Rod to stroke ratio is a simple ratio. If the rod is 5.7" and the stroke of the crank is 3.48" you have a 1.6379 rod to stroke ratio. In theory the higher this ratio the more power it makes. The reasoning behind this longer rod is more power comes from a couple of aspects.
1) If you go back to the basics of a simple machine, the pistons, crank and rods are basically a compound lever. The up and down movement of the piston translates into rotational motion of the crank.
In an engine a longer rod can make more rotational torque from the same piston force because it's a longer lever!

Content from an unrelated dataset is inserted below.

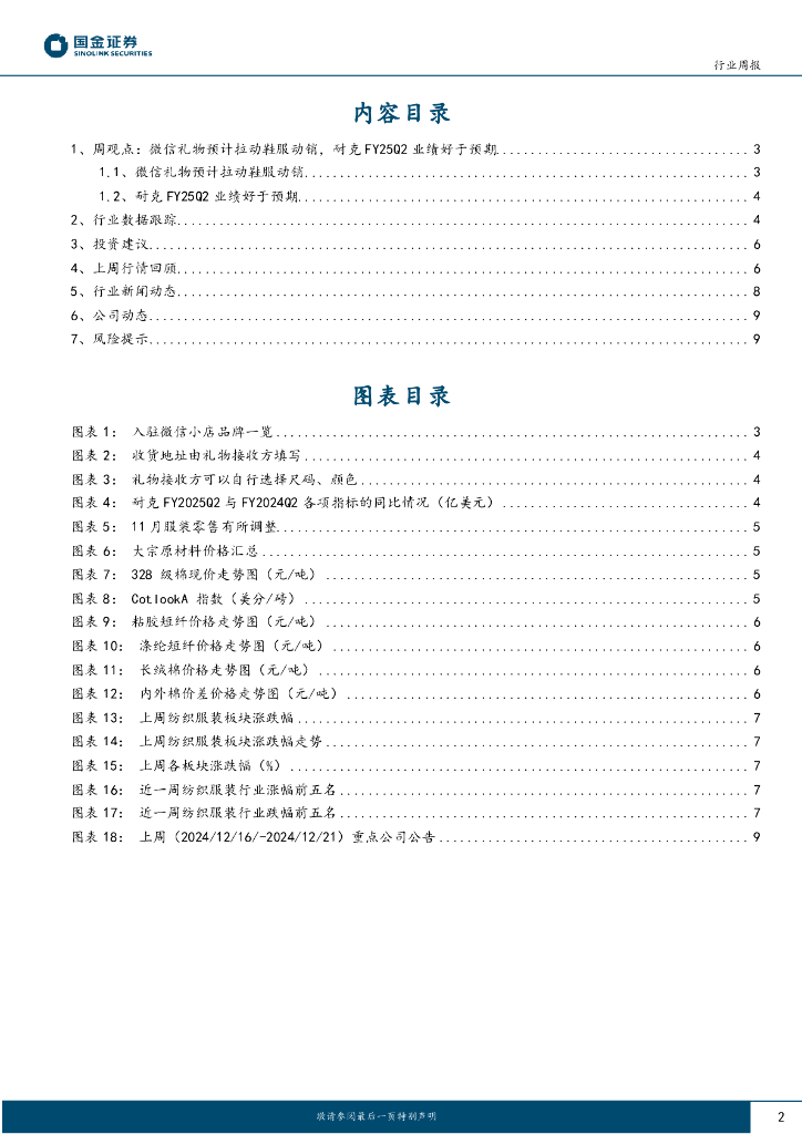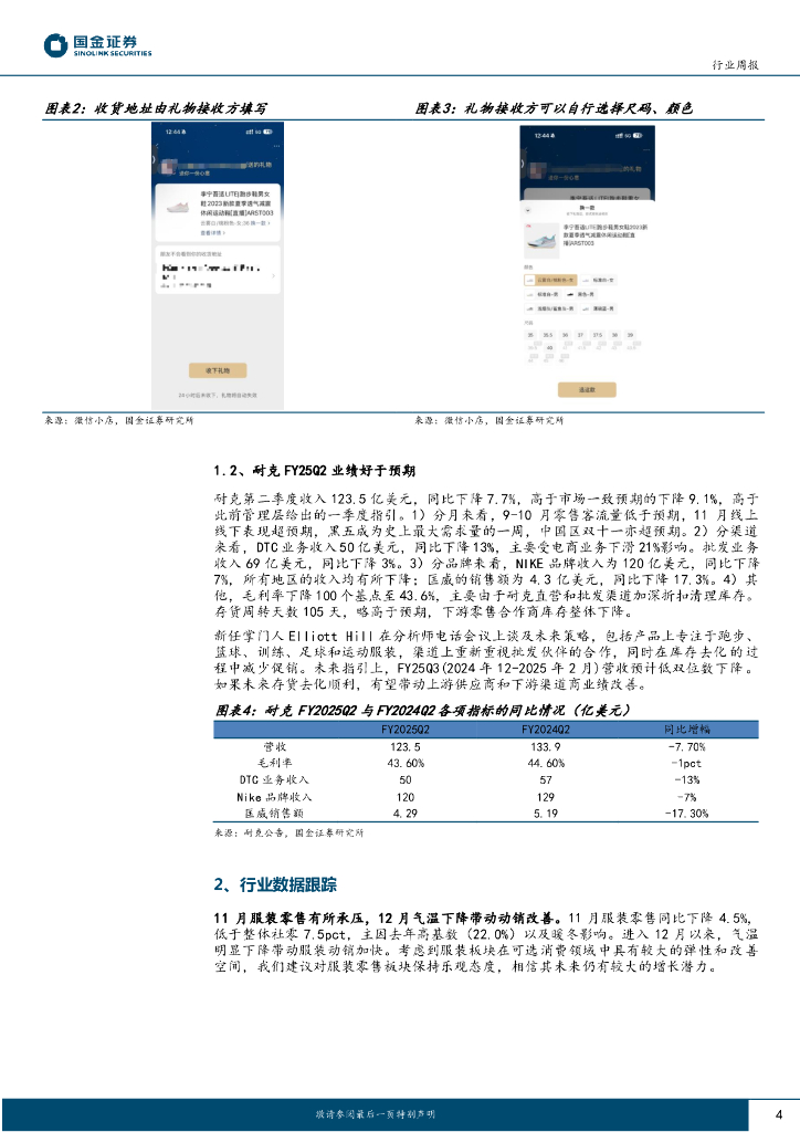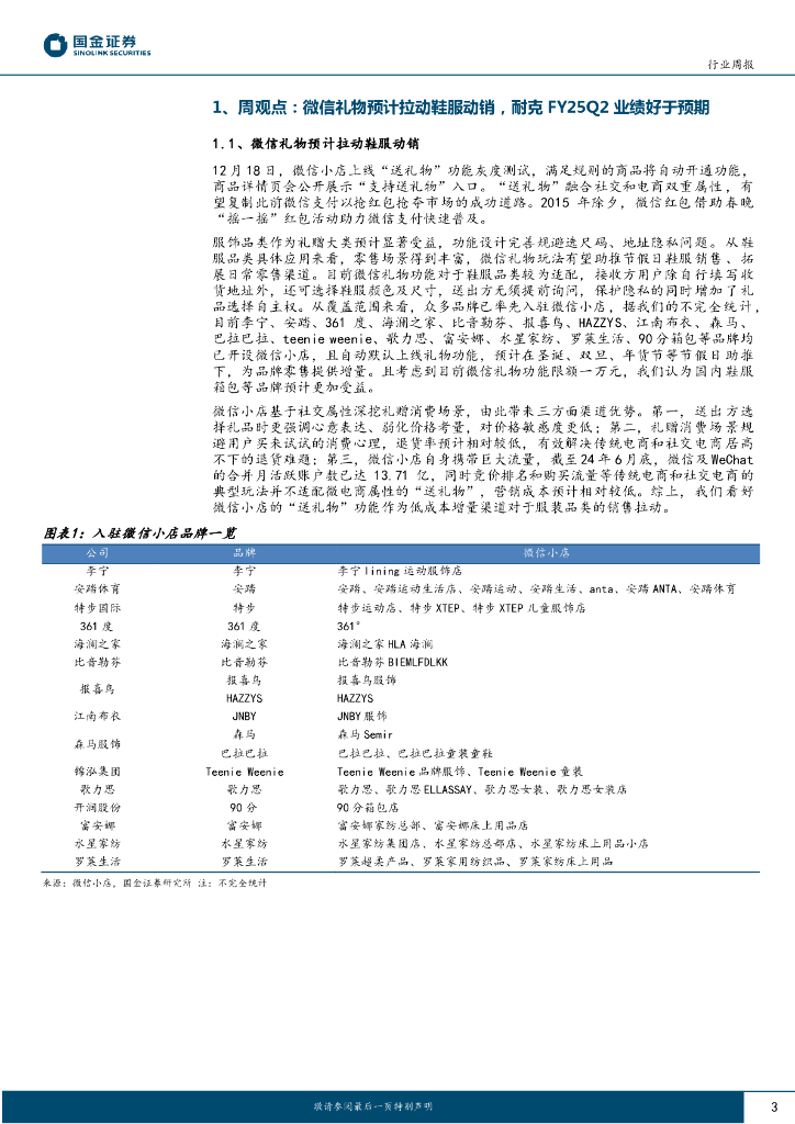 国金证券:纺织品和服装行业周报:微信礼物预计拉动鞋服动销,耐克FY25Q2业绩好于预期.pdf

2) Due to the angles involved, a longer rod is less angular than a shorter one, thus side wall loading is lessened. What this means is that the piston is pushed more up and down the bore than to the side of the block reducing friction and increasing HP.


As you can see in the below example that raising the piston pin height changes the rod angle noticeably. You will also notice that the piston top doesn't change. Many people believe that longer rods make an engine a stroker but this is simply not so. The only thing that can change displacement in an engine are the bore or the stroke.


3) The pistons speeds change with rod length. The piston has more dwell at TDC and BDC. The slower it gets at TDC the more pressure builds up at the ignition point. The piston also accelerates away from TDC and BDC quicker making the intake compression and exhaust strokes more turbulent thus making more power.
So what will fit and how do I figure it out???
Here is a simple way to find out what you need to know about fitting rods.
The factory deck height of a small block is usually around 9.025" from the deck surface to the crankshaft centerline.
The "Blueprint" figure is 9.000". In order to make this work this you need to know the stroke of the crank and length of desired rod. You will being figuring the compression height you would need to make this work. For example a stock 350 would be 3.48 stroke and 5.7" rod. If you add half the stroke and then the rod length together you get 7.44" If you know it has to fit a 9" space you subtract the 7.44 from 9 and get 1.56" which is the compression height of a stock 305/350/400 piston. This is also the reason why the 400 has a short rod, GM didn't want to raise the pin in the piston so they shortened the rod to 5.56". If you take 1/2 the stroke of 3.75 or 1.875 and add it to 1.56 compression height and 5.56 rod length you get 8.995 or 9". You can also shorten the stroke too. Say you have 1.56 pistons and want a 6.125 rod. You can figure this out by adding them together and subtracting 9" and the result is 1/2 the stroke so double the figure and this is the stroke you can use with stock 350 pistons in a 350 block with 6.125 rods. 1.56+6.215=7.685-9=1.315*2=2.63" stroke.
Of course nobody wants that small of a stroke.
If you go the other way and install 6.125 rods onto a 3.25" stroke crank for a 327 you will need 1.250 compression height pistons to make them fit.